Opinions #3: Victim Blaming


I follow a blog called "Life in the Shoe."  It's written by a Mennonite lady, a minister's wife, mother of many fascinating, mostly-grown children, writer and columnist for the Eugene Register-Guard.  Dorcas is a woman I would love to meet, though I think she would probably be...uncomfortable with me.  Funny, we think of Mennonites as a closed, unworldly society...but this lady has had a much more expansive and exciting life than I will ever have.  She lives her faith utterly, yet that fact has not limited her or closed her mind.

Her posts always lead me on a voyage of contemplation.  Most recently, she wrote about "men who are not nice"--men who catcall and harass and are generally disrespectful to women, in public.  She wondered whether the conservative dress and prayer veil that Mennonite women wear in public protected them from that sort of harassment.  But she made a point about the power women have; the power they don't use...or, as I took it further in my own contemplation, the power they tend to misuse.  So many girls and women understand the power of their sex to be their ability to turn men into salivating, sex-enslaved dogs.  What we don't seem to comprehend is that we also have the power to command respect, courtesy and, yes, even chivalry.  All with how we dress.  And if we possess the power to calm the savage beast, why don't we use it? 

Sexual harassment, abuse, rape... all these have become problems of epidemic proportions in our society.  Sex in 21st-century America has become so overt, so in-your-face, so "everybody's getting it on and if you're not there's something wrong with you."  Men have begun to think they're entitled to sex, any kind, any way, any time they want.  And many women, not to be outdone, claim that entitlement as well.

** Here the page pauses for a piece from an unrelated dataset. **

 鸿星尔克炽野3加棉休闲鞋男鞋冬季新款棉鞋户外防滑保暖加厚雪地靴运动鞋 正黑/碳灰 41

With all that sexual entitlement flying around, something has got seriously out of whack.  There's a growing subset of men who will take what they want with little provocation, much less an actual invitation.  And there are women who end up in situations they can't control because they dipped a toe into the sexual revolution only to be grabbed and pulled under by the evil that lurks just beneath the water.     

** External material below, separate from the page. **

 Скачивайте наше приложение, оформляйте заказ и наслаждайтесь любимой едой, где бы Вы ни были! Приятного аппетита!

Am I victim blaming here?  I don't know.  I think the lines have become so blurred, the emotions surrounding the act have become so exaggerated, that it's almost impossible to use the label of "victim" when trying to sort out the players in the drama.

 Of course a woman never asks to be raped, or sexually assaulted, or verbally harassed.  In a perfect world, sex wouldn't always be the undercurrent of everything.  Women would be able to appear in public wearing whatever struck their fancy, whatever made them feel pretty.  I hear some people say that if a woman walks down the street stark naked,  she isn't asking to be raped.  I get that.  I really do.  But I think you have to put the "I have every right to..." aside and just see that actions have consequences.  Is it right that a man should get turned on by a woman wearing revealing clothing?  Probably not.  But what is "right" and what actually happens are two different things.  And women would do well to act in accordance with what IS if they want not to be harassed, or even raped.  Sorry, ladies.  You do stuff to protect yourself.  You don't jump into a pool of sharks wearing a pork-chop bikini and then sue the sharks when they bite your legs off.

I get that there is such a thing as date rape.  I get that guys will drug girls or take advantage of them when they get stupid drunk.  I get that a man is much stronger than a woman and can overpower her and take what he wants even when she's not into it.  But, I'm not one of those who thinks a girl should be able to go back to a guy's apartment, neck, pet, get undressed and get in bed with him, and then cry "rape" when the guy didn't stop because she said "no."  Is the guy entitled?  Of course not.  But if you didn't want to have sex, why the hell did you put yourself--and your date--in that position?  

Yes, mothers...you need to teach your sons not to rape.  But you also need to teach your daughters how to control this sexual freedom that we, their mothers and grandmothers, worked so hard to win for them.  Because, as it turns out, men are not interested in gracefully giving up their position of sexual dominance...or even sharing it.  A complication that I don't think any of us on the forefront of the Sexual Revolution foresaw.  And now we need to figure out how to deal with that.

Anyway, Dorcas shared her formula for raising strong young women who respect themselves:
     What I teach my girls is that they belong to God, their lives ought to reflect Jesus, and their bodies have the sacred role of being temples of the Holy Spirit.  So their clothes should communicate dignity, royalty, value, beauty, femininity, and respect. 
Somehow, that has also worked to protect them.
Surely, even without the Christian frame  of reference, there is universal wisdom in these words.